«И далее, если мы предположим, что все должно было бы обстоять так и не так, то это какое-то «меньшее» и «большее» укоренено в природе вещей. Ибо не единообразно назвали бы мы число два четным, как и число три, не одинаково ошибается тот, кто считает четыре пятью и четыре тысячью. Если же, не ошибаются одинаково, то один ошибается меньше, а значит, говорит нечто истинное. Поскольку же то, что есть более истинно, более приближается к истине, следовательно, существовала бы некая [безотносительная] истина, к которой собственно и приближалось бы более то, что является более истинным. И даже если бы такой истины не было, то во всяком случае существовало бы нечто [относительно] более определенное и более истинное и мы, наконец, избавились бы от той безумной мысли, которая не позволяет нам ничего разумно определить»[173]
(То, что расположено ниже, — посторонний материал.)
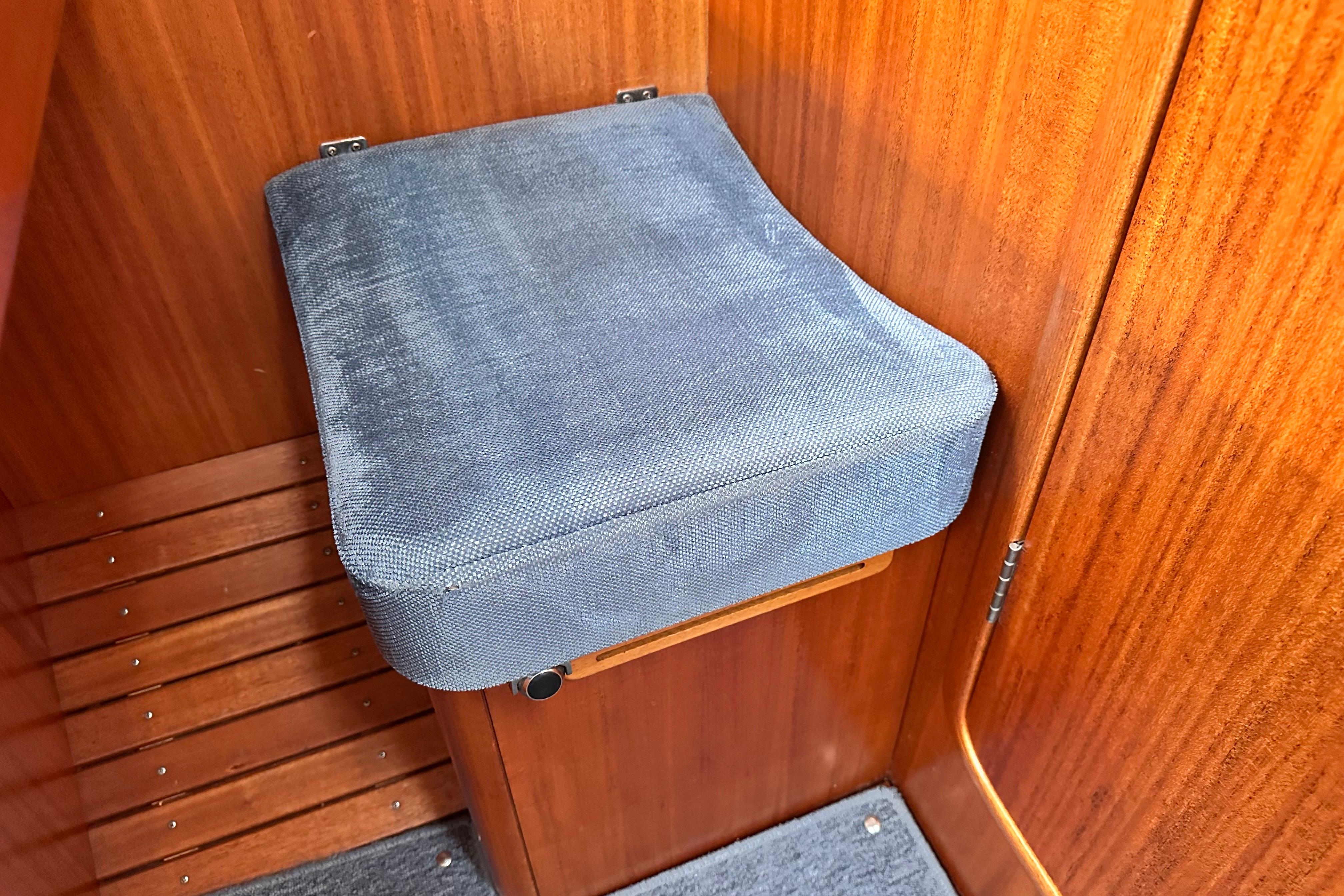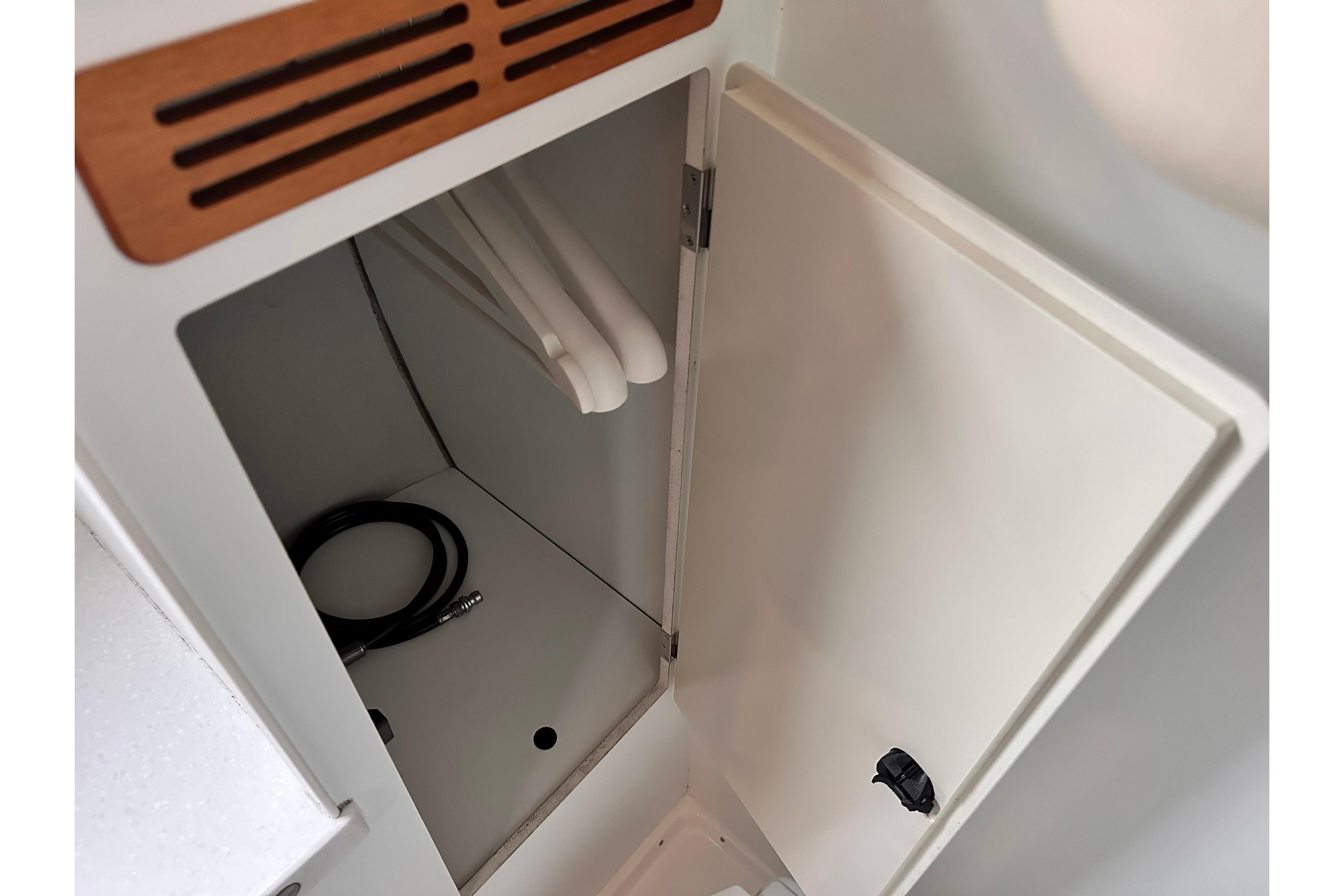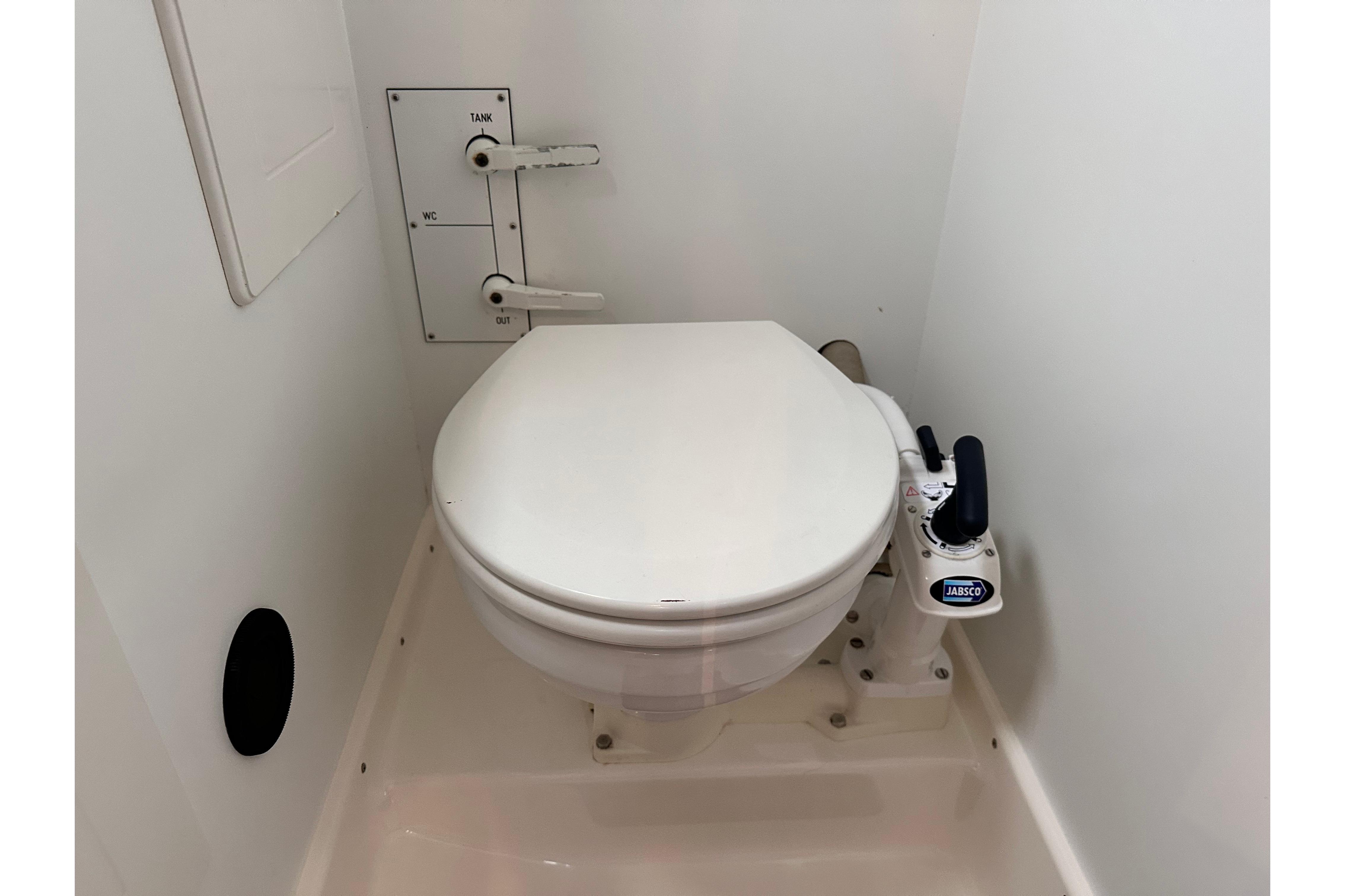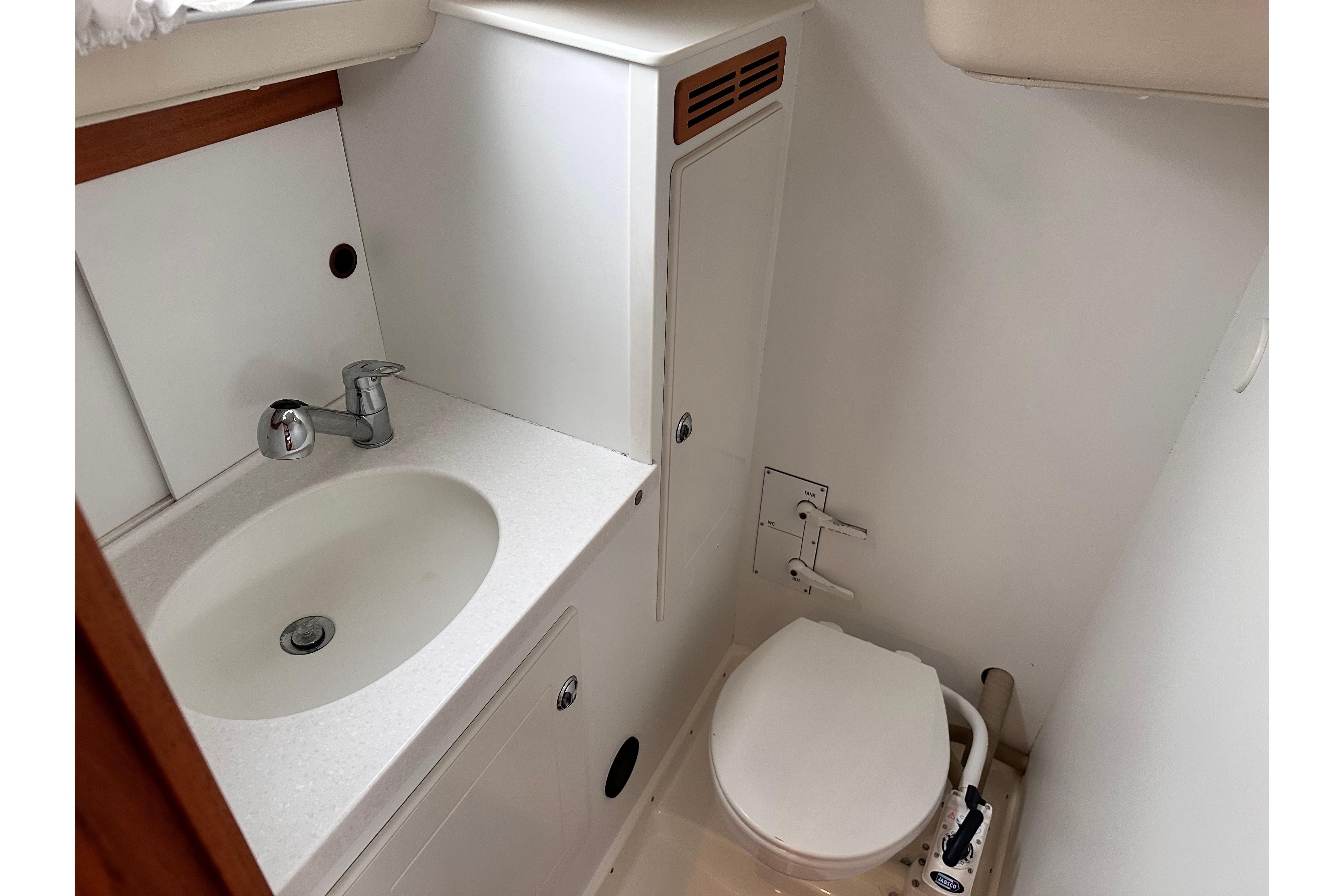 Interior lining and cupboard in white matt Resopal. Watertight shower stall with teak grating. 12v shower waste pump. Jabsco pump action toilet (replaced 2021) with stainless steel holding tank. PlexiCor composite stone wash basin and PlexiCor countertop and one lever mixer tap. Stowage above and below. Wet locker. Large mirror on door. Two opening portlights for ventilation. Six coat hooks for temporary hanging of wet

.При чтении этих слов кажется, будто Аристотель в отчаянном напряжении мысли искал архимедово δός μοι ποῦ στῶ![174]
Вот найти хотя бы одну определенную истину, не смешанную ни с какой ложью, свободную от всякого противоречия! Обрести хотя бы ту уверенность, что существуют некие правдоподобные суждения, приближающиеся к истине! Это единственное, что возвратило бы ему веру в способность разумного мышления и извлекло бы его из волн противоречия, которые захлестывают, кажется, весь мир!Самые глубокие логические проблемы иногда пробуждают необычные настроения. Вот на мгновение засверкал свет очевидной истины, окончательной и нерушимой. Мы летим к свету, стремимся увидеть его в полном блеске. Но тщетно! Чем ближе, тем темнее, мы утрачиваем путь, блуждаем в запутанных лабиринтах мысли и постепенно нас охватывает сомнение: неужели света не было? Неужели все было обманом? Эта навязчивая мысль повторяется и повторяется и мучает нас без конца. Страх загоняет нас в неизвестную темную пустоту. Мы были бы рады хоть искру ухватить из пламени, запылавшего на мгновенье, развеять темноту и избавиться от мрака и марева, которое путает мысли и лишает разума.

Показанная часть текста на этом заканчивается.